By abstracting the state, decoupling the business logic from the charm and implementing clear interfaces, the code will be easily testable and reduce the need for mocking.

On top of that, many charms are following their own architecture and structure. Following more of the same opinionated architecture will ensure coherence and ease cross-team and community contribution. This will also speed up the delivery of charms and make it easier to understand new charms that follow this pattern to manage complexity.

Specification

This specification is broken up into several sections. The first section discusses the applicability of the patterns discussed in the spec, the second discusses abstracting the state provided by Juju, the third is on separating the application and charm logic and the fourth focuses on abstracting interfaces including how this is beneficial for testing and mocking. It is followed by an example to illustrate how the patterns can be implemented.

Applicability

The patterns proposed in this spec are intended to manage complexity. This means that simple charms that have on the order of 100 lines of code, may not benefit from the patterns and should not necessarily implement them. The following are indications that a charm may benefit from the patterns:

The charm you’re writing is not trivial
The tests require complex mocks
Many external interactions (e.g., HTTP calls, pebble run, copying files)
A new developer finds the charm difficult to understand

In general, unless there are good reasons not to, the charm you are working on should adopt these guidelines.
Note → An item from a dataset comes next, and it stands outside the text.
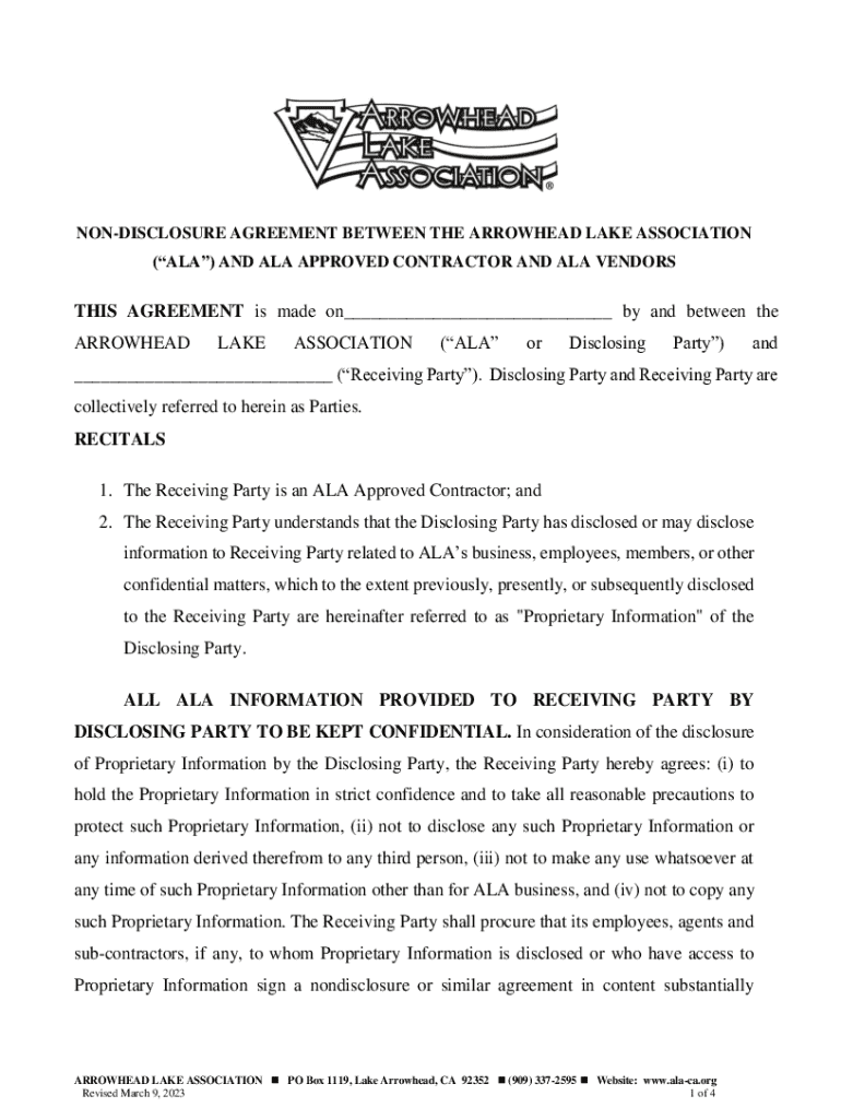 NONDISCLOSURE AGREEMENT BETWEEN THE ARROWHEAD LAKE ASSOCIATION (ALA) AND ALA APPROVED CONTRACTOR AND ALA VENDORSTHIS AGREEMENT is made on___ by and between the ARROWHEADLAKEASSOCIATION(ALAorDisclosingParty)and___

Also worthwhile to note is that it could be appropriate to implement only a subset of the patterns discussed in this spec for a given charm depending on the individual case. Some charms may have additional or unique sources of complexity which are not solved by any of the patterns discussed in this spec. If the patterns in this spec don’t apply, it is worth discussing the case with the team to see if a new pattern should be added to this spec or an existing pattern be refined.

When writing documentation, it may not be beneficial to use the patterns as it is important to keep examples succinct. It can be worthwhile to indicate that code in documentation is not intended to be a reference implementation and point to materials, such as this spec, with recommendations for how to write charms that are easy to maintain and understand.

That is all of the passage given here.